The fusiform gyrus can be further delineated into a lateral and medial portion, as it is separated in its middle by the relatively shallow mid-fusiform sulcus (MFS). Thus, the lateral fusiform gyrus is delineated by the OTS laterally and the MFS medially. Likewise, the medial fusiform gyrus is delineated by the MFS laterally and the CoS medially.
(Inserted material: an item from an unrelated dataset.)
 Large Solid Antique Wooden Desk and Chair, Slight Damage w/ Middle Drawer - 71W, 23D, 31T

Importantly, the mid-fusiform sulcus serves as a macroanatomical landmark for the fusiform face area (FFA), a functional subregion of the fusiform gyrus assumed to play a key role in processing faces.

==History==
The fusiform gyrus has a contentious history that has recently been clarified. The term was first used in 1854 by Emil Huschke from Jena, Germany, who called the fusiform gyrus a "Spindelwulst" (lit. spindle bulge). He chose this term because of the similarity that the respective cerebral gyrus bears to the shape of a spindle, or fusil, due to its wider central section.
At first, researchers located the fusiform gyrus in other mammals as well, without taking into account the variations in gross organizations of other species' brains. Today, the fusiform gyrus is considered to be specific to hominoids. This is supported by research showing only three temporal gyri and no fusiform gyrus in macaques.
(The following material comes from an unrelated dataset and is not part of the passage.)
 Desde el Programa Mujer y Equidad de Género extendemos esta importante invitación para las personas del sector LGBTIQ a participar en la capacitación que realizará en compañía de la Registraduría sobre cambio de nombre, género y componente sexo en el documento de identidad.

The first accurate definition of the mid-fusiform sulcus was coined by Gustav Retzius in 1896. He was the first to describe the sulcus sagittalis gyri fusiformis (today: mid-fusiform sulcus), and correctly determined that a sulcus divides the fusiform gyrus into lateral and
medial partitions. W. Julius Mickle mentioned the mid-fusiform sulcus in 1897 and attempted to
clarify the relation between temporal sulci and the fusiform gyrus, calling it the
"intra-gyral sulcus of the fusiform lobule".

==Function==
The exact functionality of the fusiform gyrus is still disputed, but there is relative consensus on its involvement in the following pathways:

===Processing of color information===

In 2003, V. S. Ramachandran collaborated with scientists from the Salk Institute for Biological Studies in order to identify the potential role of the fusiform gyrus within the color processing pathway in the brain. Examining the relationship within the pathway specifically in cases of synesthesia, Ramachandran found that synesthetes on average have a higher density of fibers surrounding the angular gyrus. The angular gyrus is involved in higher processing of colors. The fibers relay shape information from the fusiform gyrus to the angular gyrus in order to produce the association of colors and shapes in grapheme-color synesthesia. Cross-activation between the angular and fusiform gyri has been observed in the average brain, implying that the fusiform gyrus regularly communicates with the visual pathway.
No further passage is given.